- [Provided data]:
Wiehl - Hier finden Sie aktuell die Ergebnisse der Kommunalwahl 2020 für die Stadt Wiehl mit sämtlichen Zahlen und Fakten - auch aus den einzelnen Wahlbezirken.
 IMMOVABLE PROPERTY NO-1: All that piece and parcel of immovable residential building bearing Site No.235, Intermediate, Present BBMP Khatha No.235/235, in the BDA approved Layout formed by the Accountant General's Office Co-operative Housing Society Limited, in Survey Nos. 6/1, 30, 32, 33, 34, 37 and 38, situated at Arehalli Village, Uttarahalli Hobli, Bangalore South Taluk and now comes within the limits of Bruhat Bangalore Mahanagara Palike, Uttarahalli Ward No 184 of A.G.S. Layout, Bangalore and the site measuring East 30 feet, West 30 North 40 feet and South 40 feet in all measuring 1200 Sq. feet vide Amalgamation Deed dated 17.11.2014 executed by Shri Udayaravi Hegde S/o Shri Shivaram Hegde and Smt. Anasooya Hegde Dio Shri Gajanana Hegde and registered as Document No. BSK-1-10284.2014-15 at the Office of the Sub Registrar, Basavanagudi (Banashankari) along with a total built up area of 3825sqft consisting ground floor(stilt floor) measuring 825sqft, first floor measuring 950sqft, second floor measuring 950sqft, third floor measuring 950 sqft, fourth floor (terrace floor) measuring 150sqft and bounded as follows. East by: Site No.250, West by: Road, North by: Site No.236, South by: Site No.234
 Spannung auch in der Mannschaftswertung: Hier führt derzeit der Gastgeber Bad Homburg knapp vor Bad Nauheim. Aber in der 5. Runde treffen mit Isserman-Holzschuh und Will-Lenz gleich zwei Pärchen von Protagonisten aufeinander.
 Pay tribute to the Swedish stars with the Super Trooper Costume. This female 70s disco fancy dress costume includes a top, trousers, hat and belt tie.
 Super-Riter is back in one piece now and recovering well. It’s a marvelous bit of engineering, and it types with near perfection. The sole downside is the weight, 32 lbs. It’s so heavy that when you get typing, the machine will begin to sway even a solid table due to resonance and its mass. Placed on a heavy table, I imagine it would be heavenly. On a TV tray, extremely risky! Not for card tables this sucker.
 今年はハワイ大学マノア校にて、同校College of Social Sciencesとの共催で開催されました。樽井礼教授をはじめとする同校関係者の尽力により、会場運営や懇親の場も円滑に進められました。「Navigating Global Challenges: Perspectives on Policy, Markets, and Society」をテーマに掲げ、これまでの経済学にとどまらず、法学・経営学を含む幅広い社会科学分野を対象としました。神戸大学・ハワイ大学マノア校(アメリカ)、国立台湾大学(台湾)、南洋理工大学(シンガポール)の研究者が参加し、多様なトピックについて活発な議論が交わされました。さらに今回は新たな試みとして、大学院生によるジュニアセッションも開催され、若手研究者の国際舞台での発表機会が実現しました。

- [Goal of the exercise]:
Could you give again, word for word, the line with "Spannung auch in" and all lines after it through the end of the data? Leave out everything else.

- [Solution to this exercise]:
 Spannung auch in der Mannschaftswertung: Hier führt derzeit der Gastgeber Bad Homburg knapp vor Bad Nauheim. Aber in der 5. Runde treffen mit Isserman-Holzschuh und Will-Lenz gleich zwei Pärchen von Protagonisten aufeinander.
 Pay tribute to the Swedish stars with the Super Trooper Costume. This female 70s disco fancy dress costume includes a top, trousers, hat and belt tie.
 Super-Riter is back in one piece now and recovering well. It’s a marvelous bit of engineering, and it types with near perfection. The sole downside is the weight, 32 lbs. It’s so heavy that when you get typing, the machine will begin to sway even a solid table due to resonance and its mass. Placed on a heavy table, I imagine it would be heavenly. On a TV tray, extremely risky! Not for card tables this sucker.
 今年はハワイ大学マノア校にて、同校College of Social Sciencesとの共催で開催されました。樽井礼教授をはじめとする同校関係者の尽力により、会場運営や懇親の場も円滑に進められました。「Navigating Global Challenges: Perspectives on Policy, Markets, and Society」をテーマに掲げ、これまでの経済学にとどまらず、法学・経営学を含む幅広い社会科学分野を対象としました。神戸大学・ハワイ大学マノア校(アメリカ)、国立台湾大学(台湾)、南洋理工大学(シンガポール)の研究者が参加し、多様なトピックについて活発な議論が交わされました。さらに今回は新たな試みとして、大学院生によるジュニアセッションも開催され、若手研究者の国際舞台での発表機会が実現しました。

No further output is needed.